Food isn’t a free market activity and you can’t just shut down a huge portion of the production and not bother to even cursorily think about the rest of the system.

The point I was trying to make is that food security is one of the most basic elements of national security.

You can’t just stop farming in California (or raise the price to obscene levels) and expect things to sort themselves out on their own.

Basic large scale food production does not work as a pure free market activity. It would have wildly oscillating prices and large portions of the population would periodically starve. That’s during normal times, and is purely economically driven, not even counting a climate crisis.

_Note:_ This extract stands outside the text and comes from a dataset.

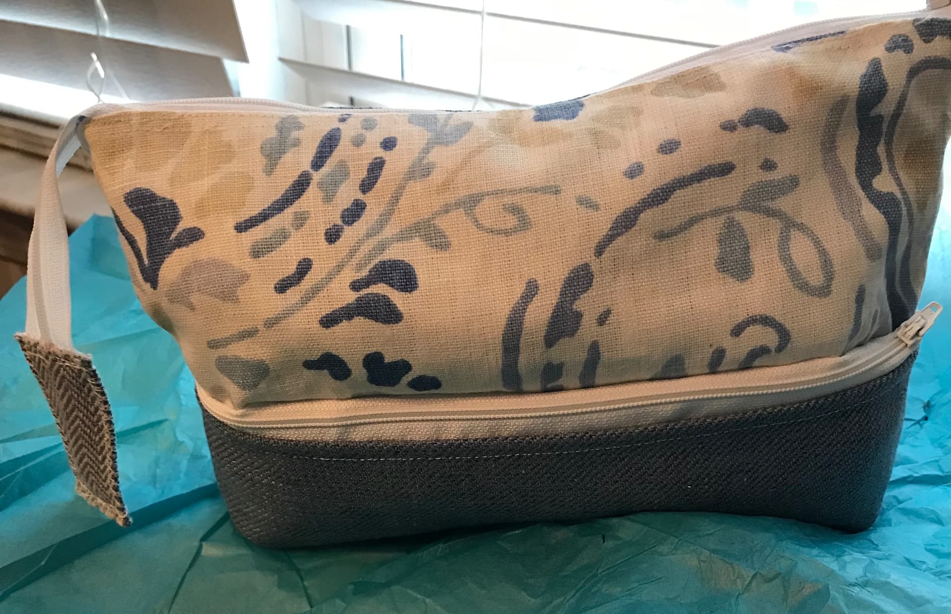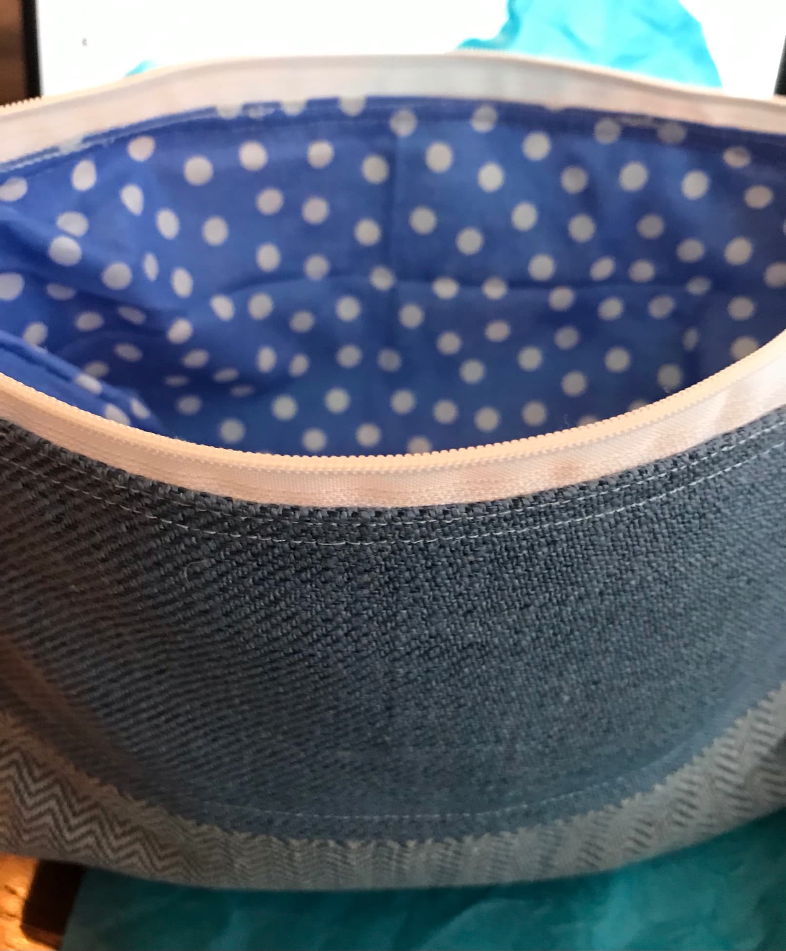 Yes, that is another zipper pocket on the side. The pouch is actually made from upholstery samples. It looks like denim, but it isn’t. It was a really easy way to make sure my fabric all coordinated! Lol!

I don't think this is a good idea specifically, but I do think state acquisition is an under-utilized tactic. For example the SF-LA railroad would be much cheaper if the state simply acquired the Union Pacific, which would hardly cost anything compared to the total project. But according to our state law, eminent domain can only be used when the acquisition is minimal and there are no alternatives, so the state could only buy such things on the open market from willing sellers.
I feel we could use more "government buys a thing, does a thing, sells the thing" - not quite eminent domain but also not entirely "let the market figure it out".

CA could have bought the entire UP for $150 billion or so, done a high-speed rail, and then sold it back to Buffet or whatever. But our system isn't setup to handle that kind of scenario.

If it's a catastrophe I don't know why the government should have to buy everyone out. The insurance companies should just stop insuring the crops and let the market sort it out.